Core practices of measurement in relation to biodiversity emphasize ongoing identification, monitoring, and managing, including in relation to “threatened species monitoring and protection … habitat restoration … biodiversity surveys” (2023). Such work necessarily involves biodiversity's opposite—“weeds and pest” (2023) and “feral” (2015) and “exotic” (2001) species, requiring “control” (2015). Management plans aligned with “international standards and guidelines” are highlighted across all seven factsheets, signalling the rational governance of species, threats, and spaces.
From 2006, earlier emphasis on a theoretical compatibility of Indigenous nature knowledge and science is transposed into a concrete focus on traditional ecological knowledge in partnership with science. For example, “Indigenous groups ‘care for Country’ using a combination of traditional Indigenous knowledge and contemporary western science” and “IPAs bring together traditional ecological knowledge and modern science for effective land management” (2008). The 2023 factsheet describes how the IPAs’ resources are protected by “applying First Nations ecological knowledge alongside western science.” Implicit here are claims about both the non-scientific and incomplete basis of traditional ecological knowledge and its ability to be disconnected from traditional knowledge holders so it can be “applied” in ways equivalent to modern science.

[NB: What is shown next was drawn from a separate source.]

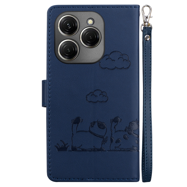 Funda de Cuero Rfid para Tecno Spark 20 Pro con Diseño de Gatos (Azul)

Theme 2: Political economies of conservation
Where Theme 1 focuses on the political effects of representations of knowledge, Theme 2 focuses on the political effects of representations of economic activity. IPA factsheets construct relationships between Indigenous peoples, Country and the nation-state by reference to embedded material-semiotic practices of capitalist economic value. Biodiversity is seen to constitute an asset, resource, and marketable commodity. As hotspots of biodiversity, IPAs are then constituted as sites of underutilized capitalist value to be realized through flows of investment that open conservation employment, markets, and partnerships—including with “universities; conservation organisations; the private sector; government agencies” (2023; originally a dot point list). These external partnerships are emphasized over partnerships between Indigenous peoples, which are referred to once in 2015.
Threatened and charismatic species are identified as significant assets within IPAs, notably in the 2023 factsheet, which contains a case study about “saving Australia's rarest bird”, the night parrot. In contrast, entities culturally important to Indigenous peoples are not identified. Instead, it is scientifically valuable species that transform and constitute Country as a valuable place. IPA participants are encouraged to maximize these assets and resources through entrepreneurial creativity, business enterprise, and tourism. For example, at Yalata IPA, a “business plan is being developed for a whale watching and associated ecotourism enterprise that has the potential to provide income for managing the IPA” (2000). This statement suggests an intention in the program to diversify revenue. Sources of capital other than from government to fund IPAs are identified in factsheets from 2006, 2008, and 2010, in which some IPAs “run tourism businesses or establish bush tucker nurseries for the manufacture and sale of Indigenous foods”. In 2023, the factsheet asserts that “IPA management plans encourage tourism, where appropriate. This [feature] gives all Australians the opportunity to learn about biodiversity and First Nations cultures”. Here, Indigenous peoples’ cultures and Country are formed as marketable and consumable assets. The economic transformations of Country enabled by modest government investment in IPAs are thereby connected to much larger flows of private capital, enabling government retreat in line with neoliberal governance strategies.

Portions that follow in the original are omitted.